_Exercise_
Write out each record exactly as it stands. No pictures belong in the copy.

:: Data to use

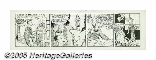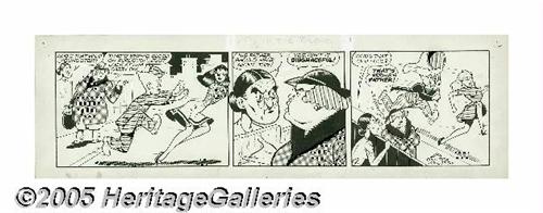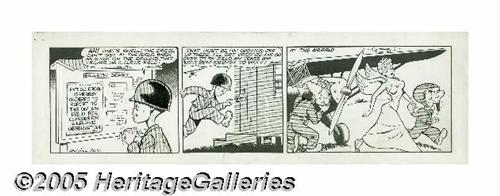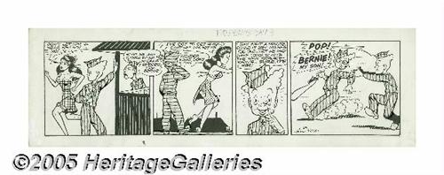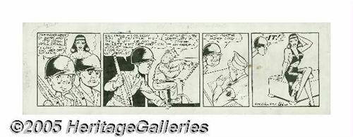 <B>Gill Fox - Bernie Blood Daily Comic Strip Original Art, Group of 5 (Stars and Stripes, undated, circa 1940s).</B></I> Sex and the military would not seem to be easy bedfellows, but Private (later Corporal) Gill Fox managed to work a smokin' babe into just about every installment of <I>Bernie Blood</B></I> for <B>Stars and Stripes</B></I>. Most likely the G.I.s appreciated his efforts. These five strips feature not only that unflappable cad Bernie, but also his equally amorous pop, who is seen chasing after a lovely gal with a butterfly net in one strip. Amazingly, there's also a topless gal in one strip; apparently the censorship standards at <B>S&S</B></I> were a lot laxer than in mainstream America! The image area measures 21" x 5.5" and the art is in Excellent condition, with moderate overall aging. <I>From the collection of Gill Fox.</B></I>
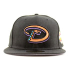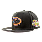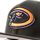 Arizona Diamondbacks New Era 59Fifty Fitted hat is done in the old school team colors of Black Metallic Copper and Purple with a Gray under brim, White inside lining and 2001 World Series Side Patch. This was the first World Series ever played in the state of Arizona and the Mountain Time Zone. With the All-Star Game format change in 2003, the World Series would not open in the city of the National League champion again until 2010. This was the last World Series not to feature a wild card team until 2008. This was also the first World Series to end in November, due to the delay in the regular season after the September 11 attacks. With the win by the Diamondbacks, the franchise became the first World Series champions from a Far West state other than California and the first major professional sports team to win a title in the State of Arizona. Randy Johnson and Curt Schilling were the co-MVPs of the 2001 World Series, combining for a 4–0 record and a 1.40 ERA and striking out 45 Yankees in 38 2⁄3 innings.
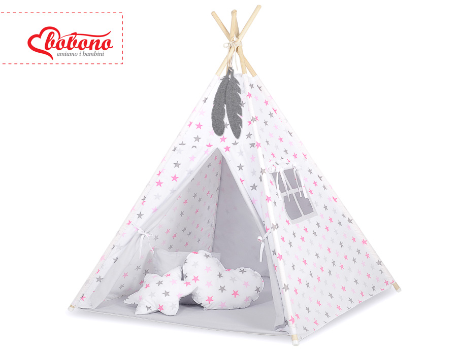 Kleinbaby.nl » Speelgoed Knuffels » Tipi-tenten » Tipi-tenten » Tipi-tent Indianen Tent Roze Grijs Sterren
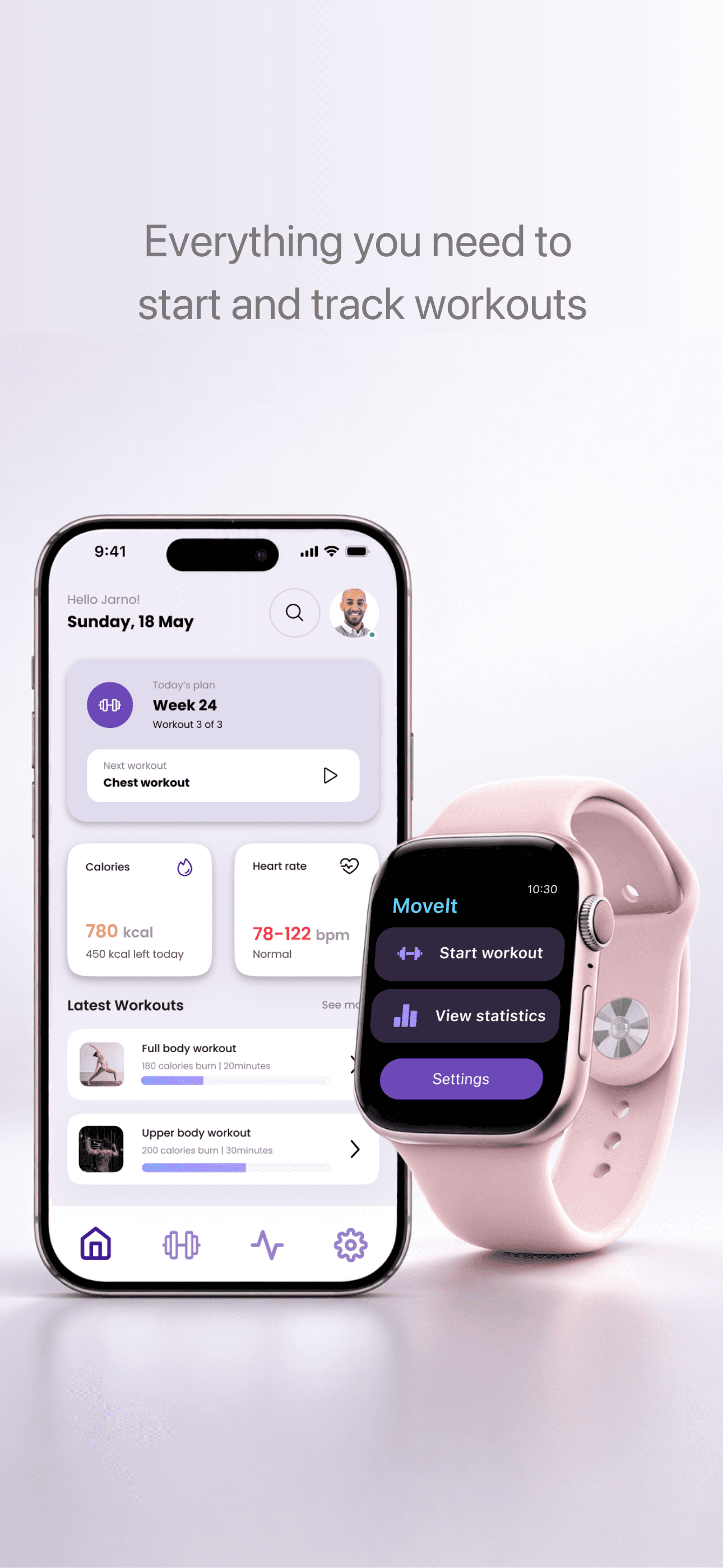 Scenario: Jarno uses MoveIt to complete short workouts at home or while traveling, seamlessly tracking progress between devices.
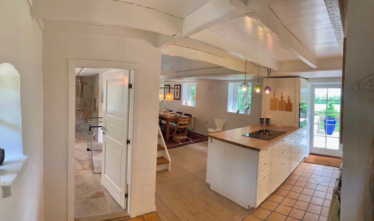 Ruggård es una antigua granja, que se encuentra en el borde de Vejle Ådal a sólo 18 km de Kolding, Vejle y Billund (Legoland). Es el punto de partida ideal para hacer excursiones por la hermosa naturaleza danesa. La zona ofrece rutas de senderismo, ciclismo y paseos a caballo. Aquí hay muchas opciones de excursiones, pero también hay tiempo para quedarse en la granja. A los niños les ENCANTA estar aquí. Aquí se prioriza la vida al aire libre y, por lo tanto, no hay televisión en la casa (los padres nos lo agradecen). Venga y experimente la idílica y tranquila vida rural y salude a los animales de la granja.
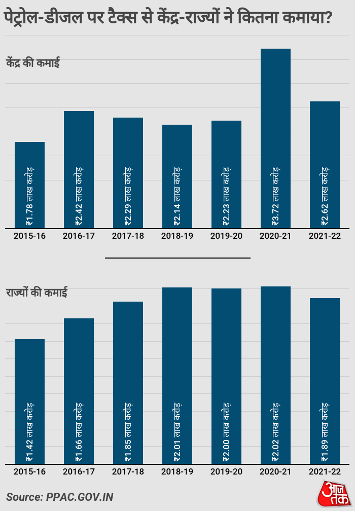 - केंद्र हो या राज्य, सरकारों की कमाई में पेट्रोल-डीजल पर लगने वाले टैक्स का बहुत बड़ा हिस्सा होता है. पेट्रोलियम प्लानिंग एंड एनालिसिस सेल के मुताबिक, अप्रैल से दिसंबर 2021 के नौ महीनों में केंद्र सरकार ने एक्साइज ड्यूटी से 2.62 लाख करोड़ रुपये और राज्य सरकारों ने वैट से 1.89 लाख करोड़ रुपये की कमाई की है.
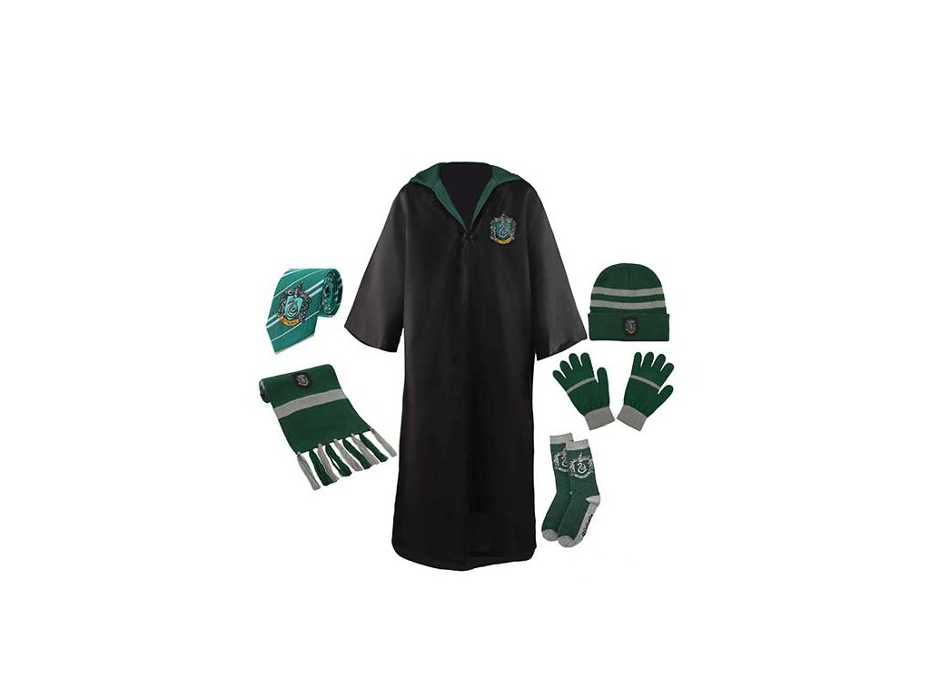 A készlet a Mardekár ház erbjét tartalmazza, ezzel a film Harry Potter igazi varázslója lehetsz! A szett tartalmazza a köppenyt, nyakkendőt, sálat, sapkát, kesztyűt és zoknit. A szett tartamalmaz minden fontos kiegészítőt, amely a Rokfort varázsló világban a Mardekár házban fontos lesz.
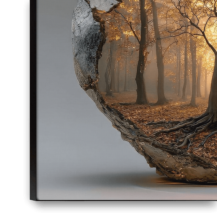 Dieses Gemälde erzählt eine Geschichte von Zerbrechlichkeit und Stärke. Hinter der verwitterten, rissigen Oberfläche eines steinernen Gefäßes verbirgt sich eine Welt: ein majestätischer Baum, der in warmes Sonnenlicht getaucht ist und seine Wurzeln fest verankert, als Symbol für Leben, Wachstum und Widerstandsfähigkeit.
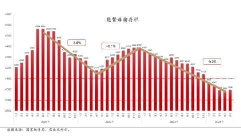 從2023年1月開始,產(chǎn)能開始去化,到2024年4月,產(chǎn)能從4,390萬(wàn)頭降到了3,986萬(wàn)頭,累計(jì)下降了9.2%??梢詫?duì)比產(chǎn)能去化幅度帶來(lái)價(jià)格上漲的高度的歷史上的經(jīng)驗(yàn)??杀刃员容^強(qiáng)的就是2022年那一波行情,當(dāng)時(shí)產(chǎn)能從4,564萬(wàn)頭降到4,177萬(wàn)頭,降到去化的幅度是8.5%。通過(guò)對(duì)比之后,發(fā)現(xiàn)現(xiàn)在產(chǎn)能是更低的,產(chǎn)能去化的幅度跟那一輪相比較也是更大的。也就是說(shuō),如果生產(chǎn)效率、消費(fèi)需求和市場(chǎng)情緒等其他所有的外部因素,假設(shè)都不變的情況下,理論上來(lái)講,這一輪價(jià)格上漲的強(qiáng)度要比2022年那波價(jià)格上漲的強(qiáng)度要強(qiáng)。
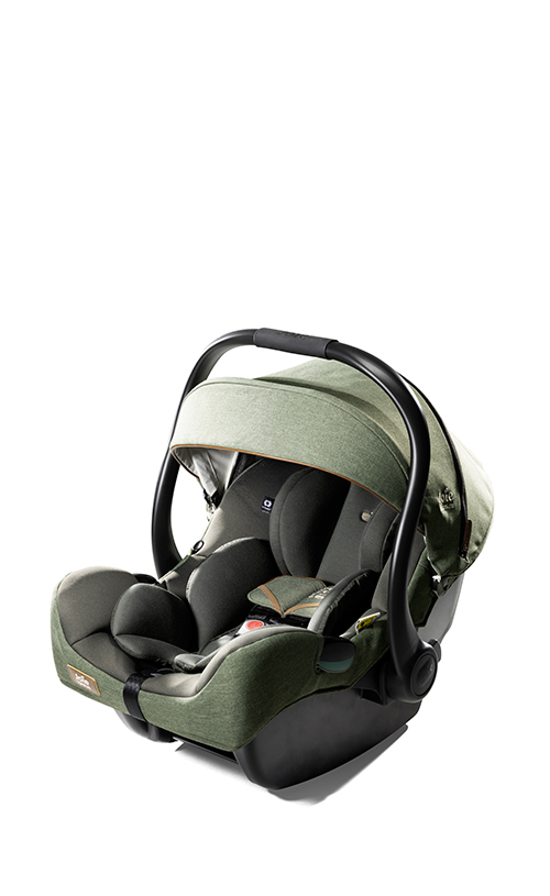 ・ Mit Basis Joie Signature i-Base Encore lässt sie sich in einen um 90° drehbaren Autositz verwandeln ・ Kopfstütze und Gurte lassen sich gleichzeitig verstellen ・ Mehrfach verstellbarer Tragegriff mit Griff aus Kunstleder

::::

_Exercise result_
 <B>Gill Fox - Bernie Blood Daily Comic Strip Original Art, Group of 5 (Stars and Stripes, undated, circa 1940s).</B></I> Sex and the military would not seem to be easy bedfellows, but Private (later Corporal) Gill Fox managed to work a smokin' babe into just about every installment of <I>Bernie Blood</B></I> for <B>Stars and Stripes</B></I>. Most likely the G.I.s appreciated his efforts. These five strips feature not only that unflappable cad Bernie, but also his equally amorous pop, who is seen chasing after a lovely gal with a butterfly net in one strip. Amazingly, there's also a topless gal in one strip; apparently the censorship standards at <B>S&S</B></I> were a lot laxer than in mainstream America! The image area measures 21" x 5.5" and the art is in Excellent condition, with moderate overall aging. <I>From the collection of Gill Fox.</B></I>
 Arizona Diamondbacks New Era 59Fifty Fitted hat is done in the old school team colors of Black Metallic Copper and Purple with a Gray under brim, White inside lining and 2001 World Series Side Patch. This was the first World Series ever played in the state of Arizona and the Mountain Time Zone. With the All-Star Game format change in 2003, the World Series would not open in the city of the National League champion again until 2010. This was the last World Series not to feature a wild card team until 2008. This was also the first World Series to end in November, due to the delay in the regular season after the September 11 attacks. With the win by the Diamondbacks, the franchise became the first World Series champions from a Far West state other than California and the first major professional sports team to win a title in the State of Arizona. Randy Johnson and Curt Schilling were the co-MVPs of the 2001 World Series, combining for a 4–0 record and a 1.40 ERA and striking out 45 Yankees in 38 2⁄3 innings.
 Kleinbaby.nl » Speelgoed Knuffels » Tipi-tenten » Tipi-tenten » Tipi-tent Indianen Tent Roze Grijs Sterren
 Scenario: Jarno uses MoveIt to complete short workouts at home or while traveling, seamlessly tracking progress between devices.
 Ruggård es una antigua granja, que se encuentra en el borde de Vejle Ådal a sólo 18 km de Kolding, Vejle y Billund (Legoland). Es el punto de partida ideal para hacer excursiones por la hermosa naturaleza danesa. La zona ofrece rutas de senderismo, ciclismo y paseos a caballo. Aquí hay muchas opciones de excursiones, pero también hay tiempo para quedarse en la granja. A los niños les ENCANTA estar aquí. Aquí se prioriza la vida al aire libre y, por lo tanto, no hay televisión en la casa (los padres nos lo agradecen). Venga y experimente la idílica y tranquila vida rural y salude a los animales de la granja.
 - केंद्र हो या राज्य, सरकारों की कमाई में पेट्रोल-डीजल पर लगने वाले टैक्स का बहुत बड़ा हिस्सा होता है. पेट्रोलियम प्लानिंग एंड एनालिसिस सेल के मुताबिक, अप्रैल से दिसंबर 2021 के नौ महीनों में केंद्र सरकार ने एक्साइज ड्यूटी से 2.62 लाख करोड़ रुपये और राज्य सरकारों ने वैट से 1.89 लाख करोड़ रुपये की कमाई की है.
 A készlet a Mardekár ház erbjét tartalmazza, ezzel a film Harry Potter igazi varázslója lehetsz! A szett tartalmazza a köppenyt, nyakkendőt, sálat, sapkát, kesztyűt és zoknit. A szett tartamalmaz minden fontos kiegészítőt, amely a Rokfort varázsló világban a Mardekár házban fontos lesz.
 Dieses Gemälde erzählt eine Geschichte von Zerbrechlichkeit und Stärke. Hinter der verwitterten, rissigen Oberfläche eines steinernen Gefäßes verbirgt sich eine Welt: ein majestätischer Baum, der in warmes Sonnenlicht getaucht ist und seine Wurzeln fest verankert, als Symbol für Leben, Wachstum und Widerstandsfähigkeit.
 從2023年1月開始,產(chǎn)能開始去化,到2024年4月,產(chǎn)能從4,390萬(wàn)頭降到了3,986萬(wàn)頭,累計(jì)下降了9.2%??梢詫?duì)比產(chǎn)能去化幅度帶來(lái)價(jià)格上漲的高度的歷史上的經(jīng)驗(yàn)??杀刃员容^強(qiáng)的就是2022年那一波行情,當(dāng)時(shí)產(chǎn)能從4,564萬(wàn)頭降到4,177萬(wàn)頭,降到去化的幅度是8.5%。通過(guò)對(duì)比之后,發(fā)現(xiàn)現(xiàn)在產(chǎn)能是更低的,產(chǎn)能去化的幅度跟那一輪相比較也是更大的。也就是說(shuō),如果生產(chǎn)效率、消費(fèi)需求和市場(chǎng)情緒等其他所有的外部因素,假設(shè)都不變的情況下,理論上來(lái)講,這一輪價(jià)格上漲的強(qiáng)度要比2022年那波價(jià)格上漲的強(qiáng)度要強(qiáng)。
 ・ Mit Basis Joie Signature i-Base Encore lässt sie sich in einen um 90° drehbaren Autositz verwandeln ・ Kopfstütze und Gurte lassen sich gleichzeitig verstellen ・ Mehrfach verstellbarer Tragegriff mit Griff aus Kunstleder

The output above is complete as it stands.